Wednesday, March 15, 2006

Preparation

I've been required to do a LOT of preparation for this surgery, and I'm not done yet. I've had to go to a sleep doctor, and have a sleep study done to make sure that I don't have sleep apnea. That was TORTURE, let me tell you. It's very hard to sleep when you're covered with wires! My sleep study was a full 24 hour study. During the day, I was required to take a series of half-hour naps. They'd come in and wake me up after only half an hour, and that made me grumpy. Well, after all that, it turns out that I don't have sleep apnea, so I guess that's good to know, but I don't think it was worth what I had to go through to find out!

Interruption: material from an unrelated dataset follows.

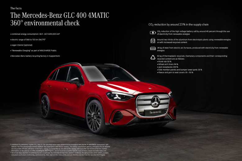 - A avaliação do ciclo de vida, verificada de forma independente, revela o desempenho de sustentabilidade do novo GLC totalmente elétrico

My surgeon also required me to see a dietician. He was very helpful in explaining what to expect after the surgery. He gave me a lot of information, and recommended certain products that would help me to remain healthy while my body starves to a smaller size. I will be limited to about 700 calories a day, but that will be easy to do at first, because the surgeon shrinks the stomach to only one ounce in size. Think about how small that is!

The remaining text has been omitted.